TASK TO CARRY OUT: Transcribe, word for word, every line from the one containing "Kave Home - Taburete" through the final line of the records, and omit the pictures.

'''

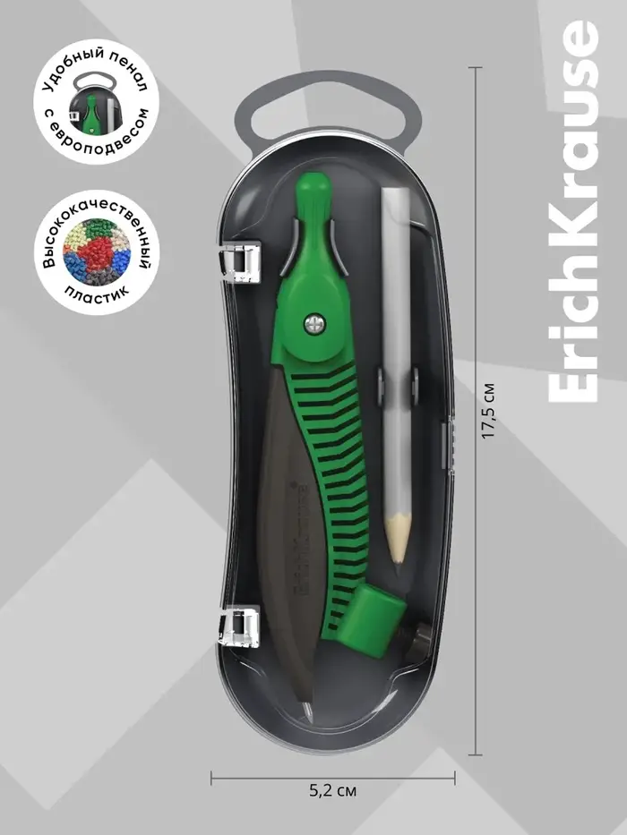 - PVC-чехол защищает циркуль от повреждений и удобен для переноски.
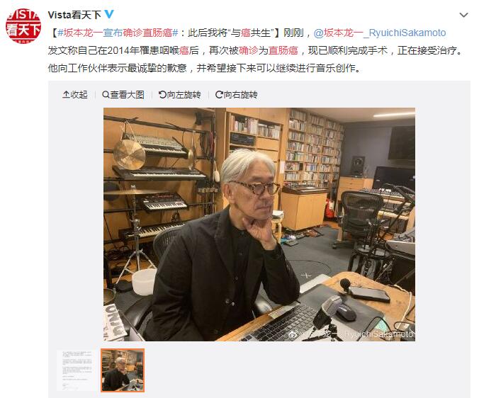 日前,日本著名音乐家坂本龙一在微博发文,宣布:此后我将“与癌共生”,坂本龙一曾在2014年时患咽喉癌,一度治愈后又再次确诊直肠癌,目前已经手术完毕处于恢复中。
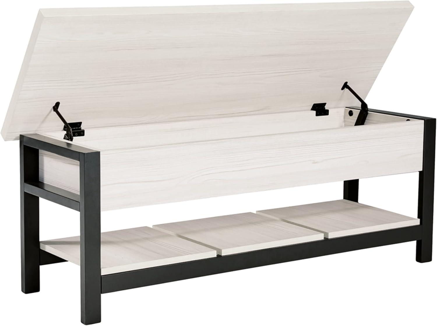 Signature Design by Ashley Rhyson Modern Storage Bench, Black & White(White)
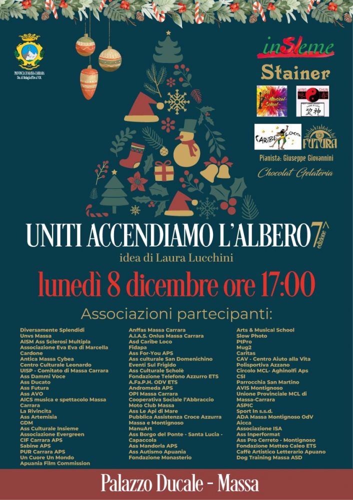 Lunedì 8 dicembre alle ore 17:00, il prestigioso Palazzo Ducale di Massa farà da cornice all’accensione dell’Albero delle Associazioni, un evento promosso dall’Associazione Insieme di Massa con l’obiettivo di valorizzare e unire le realtà associative del territorio.
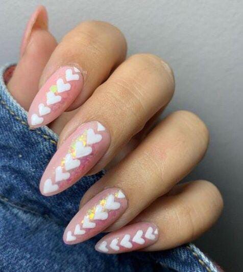 Light pink almond nails are decorated with rows of white hearts and a hint of gold foil, giving the design a dreamy, delicate, and softly romantic Valentine’s look.
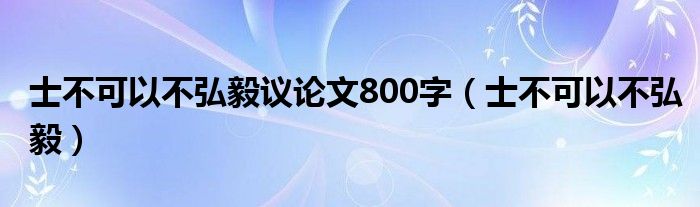 士不可以不弘毅议论文800字(士不可以不弘毅)
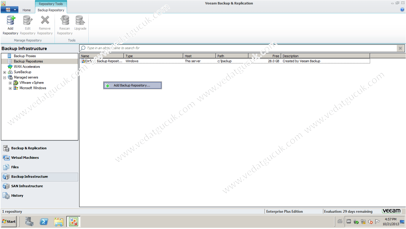 Backup Infrastructure kısmına geliyoruz buradan Backup Repositories kısmına geliyoruz.
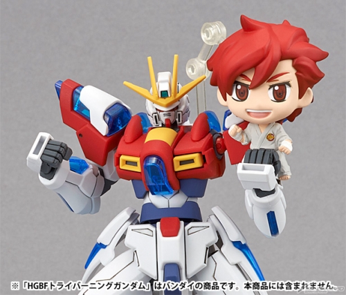 The first set is a lineup of SD Gundam Build Fighters Try characters. Each of the five varieties includes not just a stand, but also an arm. The arms can be used for display with HGBF kits. Combining them with kits makes them even more GBF-perfect!
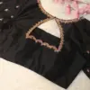 Product Name: Trending Aari Work Back Neck Blouse Design in Black Silk | Hand-Embroidered Ethnic Blouse for Sarees & Lehengas
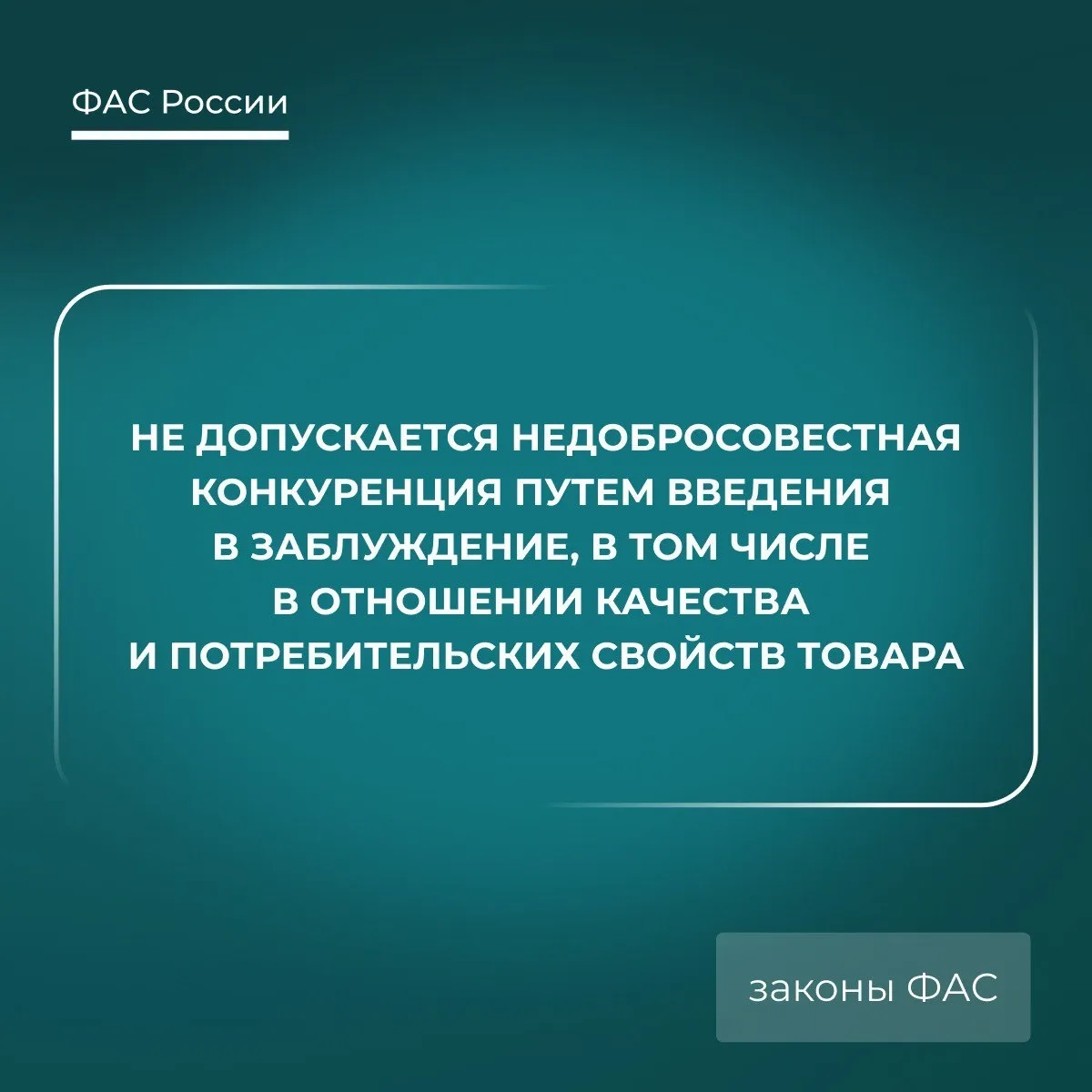 Законы ФАС — в новом формате В новом году мы продолжим рубрику «Законы ФАС». При этом немного поменяем ее формат. Будем вспоминать конкретные выдержки из антимонопольного законодательства и делиться примером по теме. Начнем с Закона о защите конкуренции. Вспомним статью 14.2. Запрет на недобросовестную конкуренцию путем введения в заблуждение. Не допускается недобросовестная конкуренция путем введения в заблуждение, в том числе в отношении качества и потребительских свойств товара, предлагаемого к продаже, назначения такого товара, способов и условий его изготовления или применения, результатов, ожидаемых от использования такого товара, его пригодности для определенных целей. Пример
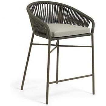 Kave Home - Taburete Yanet de cuerda verde y acero galvanizado altura 65 cm
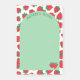 Perfekten klibbigt anteckningsblock för sommaren med en juicy mönster av röda jordgubbar. Lägg till ditt namn i böjd grönt högst upp på en matchande bågform, med ett par jordgubbar kapslade i ett hörn.
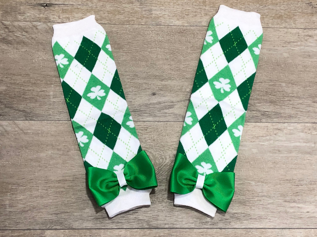 St. Patricks Day leg warmers available with or without bows.

'''

WRITTEN REPLY:
 Kave Home - Taburete Yanet de cuerda verde y acero galvanizado altura 65 cm
 Perfekten klibbigt anteckningsblock för sommaren med en juicy mönster av röda jordgubbar. Lägg till ditt namn i böjd grönt högst upp på en matchande bågform, med ett par jordgubbar kapslade i ett hörn.
 St. Patricks Day leg warmers available with or without bows.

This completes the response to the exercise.